Standard X-ray radiographs of a composite particle made up by two mineralogical species with different linear attenuation coefficients produce 2D attenuation images that do not allow differentiating between a thin high stopping power and a thick low stopping power-mineralogical inclusion. Dual-energy (DE) imaging—i.e., a pair of radiographs taken at different incident X-ray energy—followed by digital image subtraction allows transforming the log processed energy images into two thickness images. This linear transformation permits the estimation of the particle volumetric content in the two phases and it is fast, as required for the development of an online ‘mineral liberation’ or a ‘washability’ sensor or a ‘valuable-phase-inclusion’ detector. In this paper, micro-CT was used to reconstruct fine particle slices so that the thickness of the two phases could be precisely calculated and compared with that one derived by DE. Preliminary experiments with monochromatic X-ray demonstrated the potential of the DE method to retrieve the particle grade. The tests were conducted with fine composite particles made up of two mineralogical species.
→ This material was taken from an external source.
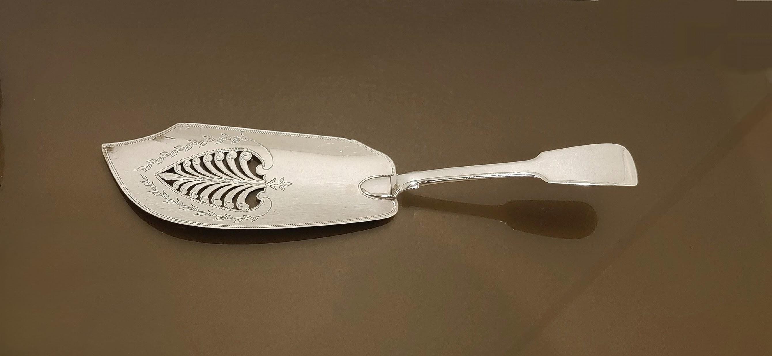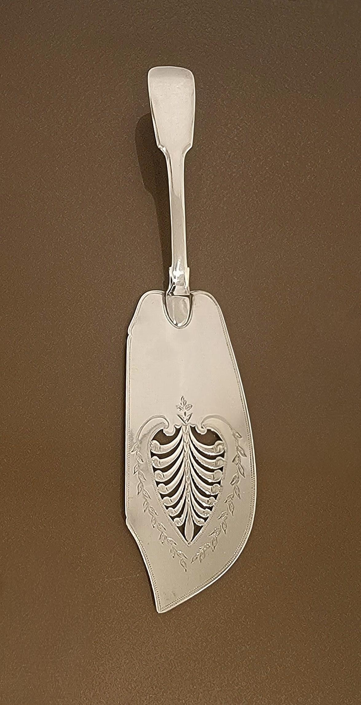 A handsome antique English sterling silver fish serving knife, distinguished by its pierced and engraved blade designed to drain sauces cleanly while serving delicate fish courses. The elegant foliate piercing gives this piece both beauty and function, making it equally suitable for use or display.

Due to the nonhomogeneous composition and density variation within the two mineralogical phases segmented and also to partial volume effects in the tomographic reconstruction of particle slices, each of the two segmented phases have a Gaussian distribution of the linear attenuation coefficient μ (rather that one single value) and values of the σ( μ) such that the density distribution right tail of the species with the lower μ overlaps the left tail of the other species giving rise to a bimodal distribution of μ within the particle. This material feature adds further complexity to the problem.